Euro rebounded broadly overnight on building expectations that ECB would keep the policy rate unchanged at 0.75% this week. According to a Reuters poll, 67 out of 73 surveyed economists are expecting ECB to stand pat. Though, forward rate contracts are still pricing in a 25bos cut by then end of June. It’s perceived that while ECB has indicated the openness to a rate cut, the decision will largely depend on the willingness of core Eurozone countries. Germany CPI rose more than expected to 2.1% yoy back in December while Eurozone CPI also continued to stay above ECB’s target and was at 2.2% yoy. The stubborn inflation reading would probably tie up ECB’s hands for cutting rates in Q1. Also, ECB President Draghi warned before that cut in the main refinancing rate would imply a negative deposit rate of a smaller spread between deposit and main rates. Negative deposit rate would be uncharted territory and the very last resort. meanwhile, lower spread would reduce the incentive for interbank lending and is no preferred.

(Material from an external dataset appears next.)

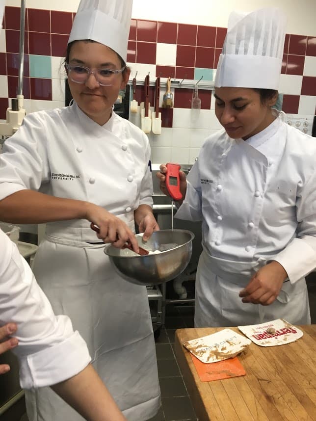 Tufts graduate students, Claire Loudis, Tetyana Pecherska, and Nayla Bezares, at a JWU master baking class
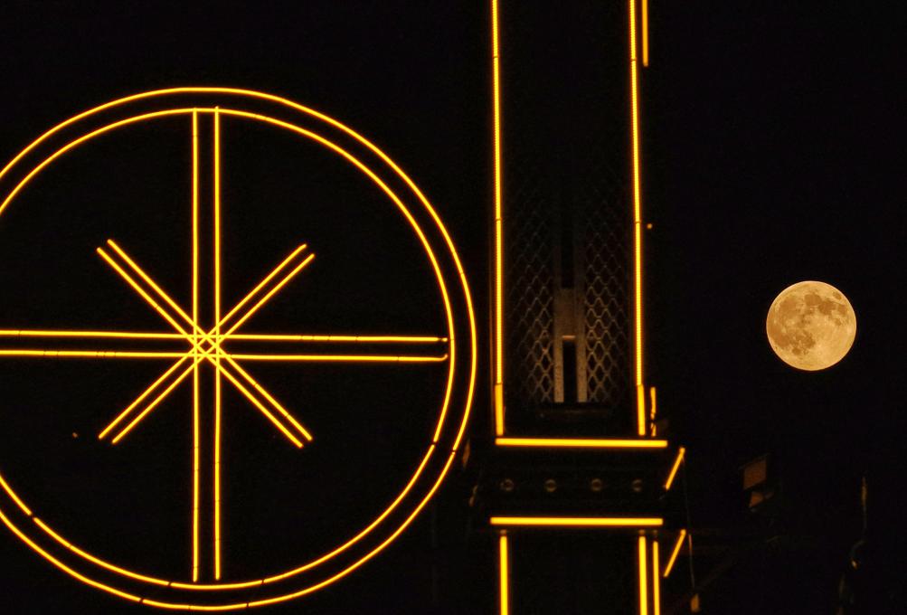 5日、黒竜江省チチハル市の空に輝く満月。(チチハル=新華社配信/王勇剛)

In Eurozone, unemployment rate rose to another record of 11.8% in November. A total of 18.8 million people were unemployment in Eurozone, up 113k from prior month. So far, Spain had the highest unemployment rate at 26.6% while Austria has the lowest unemployment rate at 4.5%. Eurozone confidence indicators generally improved in December with economic confidence rose to 87.0, industrial confidence rose to -14.4, services confidence rose to -9.8. Consumer confidence was revised up to -26.5. German trade surplus narrowed to EUR 14.6b in November. German factory orders dropped -1.8% mom in November.
Other data released today saw Swiss unemployment rate was unchanged at 3.0% in December. UK BRC sales monitor rose 0.3% yoy in December. Data from Australia saw trade deficit widened to AUD 2.637b in November, bigger than expectation of AUD 2.30b. Prior month’s deficit was also revised higher to AUD 2.433b. The 1% growth in exports were more than offset by the 2% jump in imports.